Spinal Muscular Atrophies (SMAs)
The four main types of spinal muscular atrophies cause various degrees of muscle weakness and wasting.
Depending on the type, people may be confined to a wheelchair, and life span may be shortened.
The diagnosis, suggested by symptoms, is based on family history, tests of muscle and nerve function, and blood tests to detect the defective gene.
There is no cure, but physical therapy and use of braces can help.
(See also Overview of the Peripheral Nervous System.)
Spinal muscular atrophies are usually inherited as an autosomal (not sex-linked) recessive trait. That is, two genes for the disorder are required, one from each parent. These disorders may affect the brain and spinal cord (central nervous system), as well as peripheral nerves.
There are four main types of spinal muscular atrophy.
Symptoms of the first three types first appear during infancy and childhood.
In type I spinal muscular atrophy (Werdnig-Hoffmann disease), muscle weakness is often apparent at or within a few days of birth. It is virtually always apparent by age 6 months. Infants lack muscle tone and reflexes and have difficulty sucking, swallowing, and eventually breathing. Death occurs in 95% of children within the first year and in all by age 4 years, usually due to respiratory failure.
In type II (intermediate) spinal muscular atrophy, weakness typically develops between age 3 and 15 months. Fewer than one fourth of children learn to sit. None can crawl or walk. Reflexes are absent. Muscles are weak, and swallowing may be difficult. Most children are confined to a wheelchair by age 2 to 3 years. The disorder is often fatal in early life, usually because of respiratory problems. But some children survive with permanent weakness that does not continue to worsen. These children often have severe curvature of the spine (scoliosis).

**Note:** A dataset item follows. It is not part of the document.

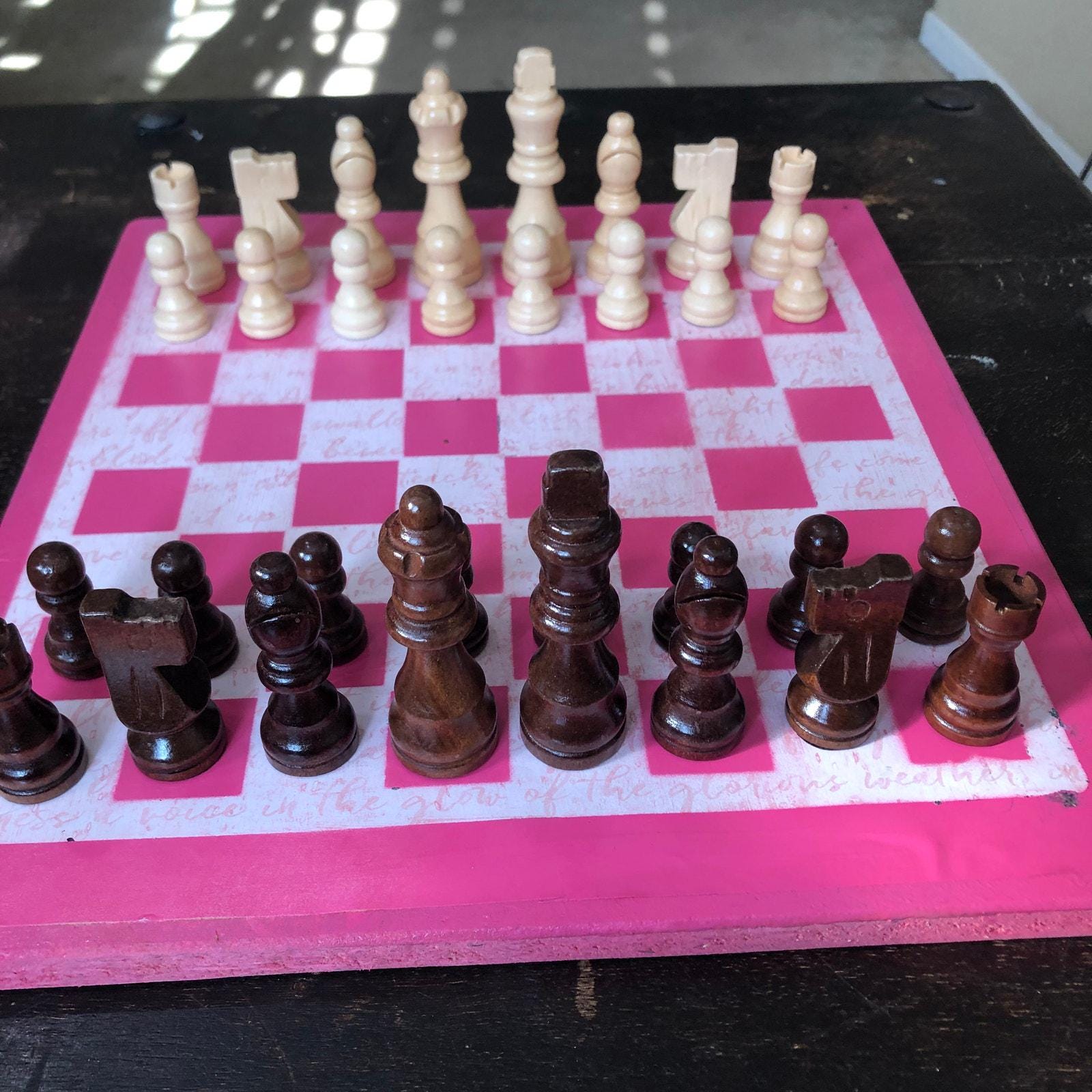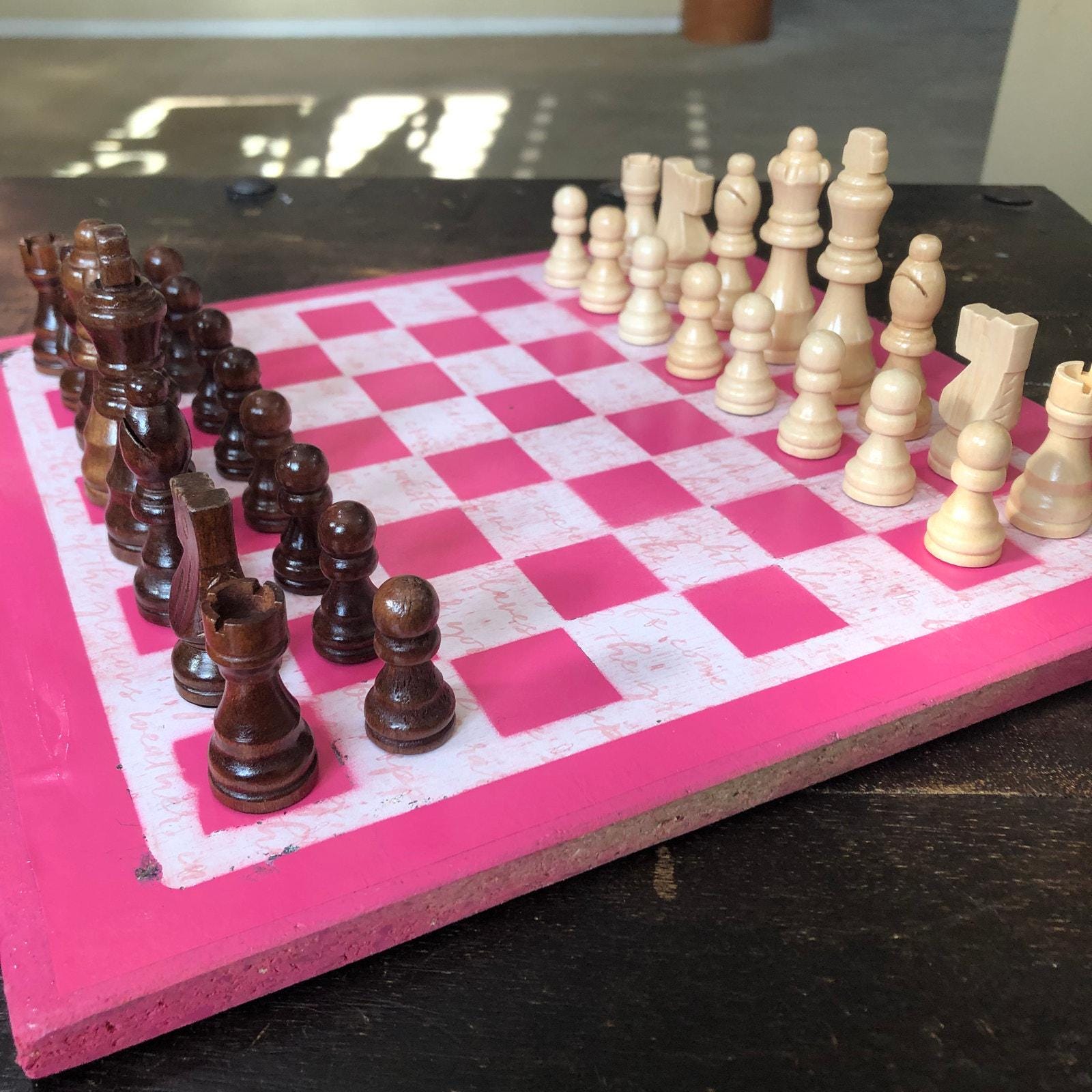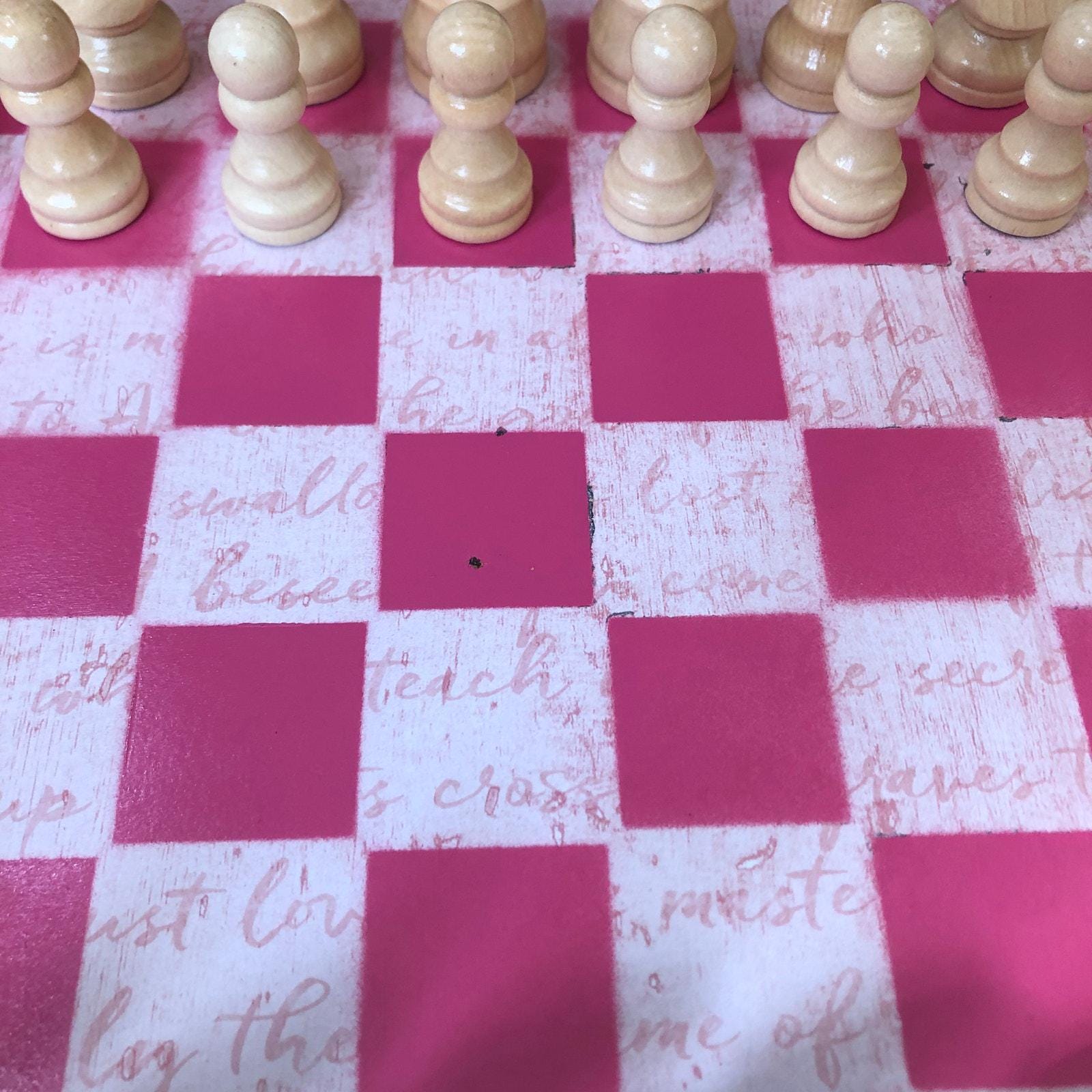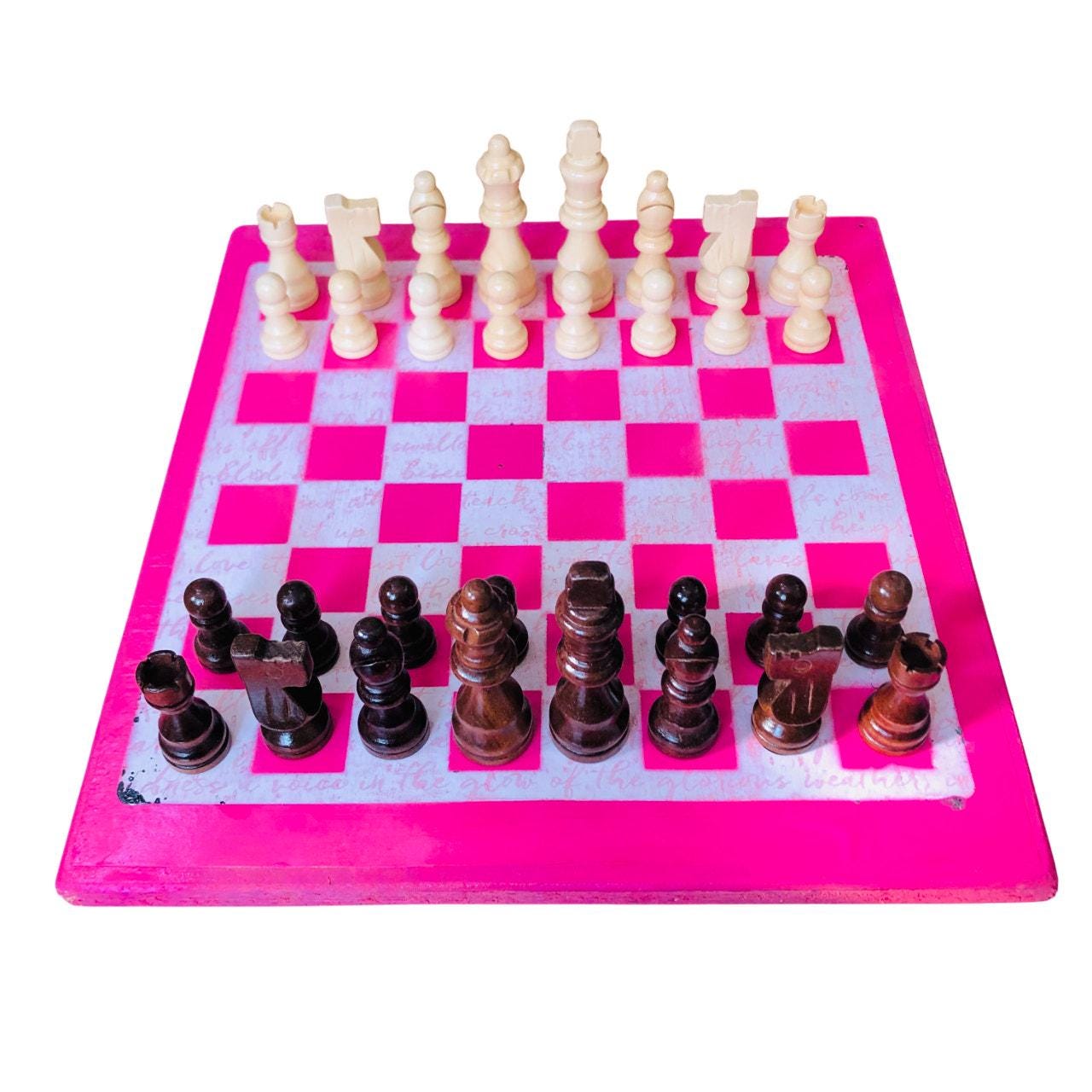Introducing our exclusive Handcrafted Wooden Chess Set, meticulously designed with precision and care. Measuring 12 inches by 12 inches, this chess set features a beautifully painted particle board layered with a sheet of scrapbook paper board that doubles as a work of art. Each set is a unique, one-of-a-kind creation, crafted by hand to ensure that no two sets are alike. Elevate your gaming experience with this exceptional chess set that combines vibrant design with the touch of artisan craftsmanship. This chess board comes with chess pieces and is handcrafted as a one of one

Type III spinal muscular atrophy (Wohlfart-Kugelberg-Welander disease) begins between age 15 months and 19 years and worsens slowly. Consequently, people with this disorder usually live longer than those with type I or II spinal muscular atrophy. Some of them have a normal life span. Weakness and wasting of muscles begin in the hips and thighs and later spread to the arms, feet, and hands. How long people lives depends on whether respiratory problems develop.
Type IV spinal muscular atrophy first appears during adulthood, usually between the ages of 30 and 60 years. Muscles, mainly in the hips, thighs, and shoulders, slowly become weak and waste away.
Doctors usually test for spinal muscular atrophies when unexplained weakness and muscle wasting occur in young children. Because these disorders are inherited, a family history may help doctors make the diagnosis.
Electromyography and nerve conduction studies help confirm the diagnosis. The specific defective gene can be detected by blood tests in 95% of affected people (genetic testing).
Occasionally, biopsy of a muscle is done.
If there is a family history of one of the disorders, amniocentesis can be done to help determine whether an unborn child has the defective gene.
There is no cure for spinal muscular atrophies.
Physical therapy and wearing braces can sometimes help. Physical and occupational therapists can provide adaptive devices to enable children to feed themselves, write, or use a computer.
Nusinersen, a new drug, may slightly improve muscle movement and may delay disability and death. Nusinersen is injected into the space around the spinal cord. Before injecting the drug, doctors often numb the injection site with a small amount of local anesthetic. Then they insert a needle between two vertebrae in the lower spine, as is done for a spinal tap (lumbar puncture). Nusinersen is initially given in four doses over a period of 2 months. Then it is given at regular intervals every 4 months.
Gene therapy for spinal muscular atrophy has recently become available. It is injected into a vein. Only one injection is required.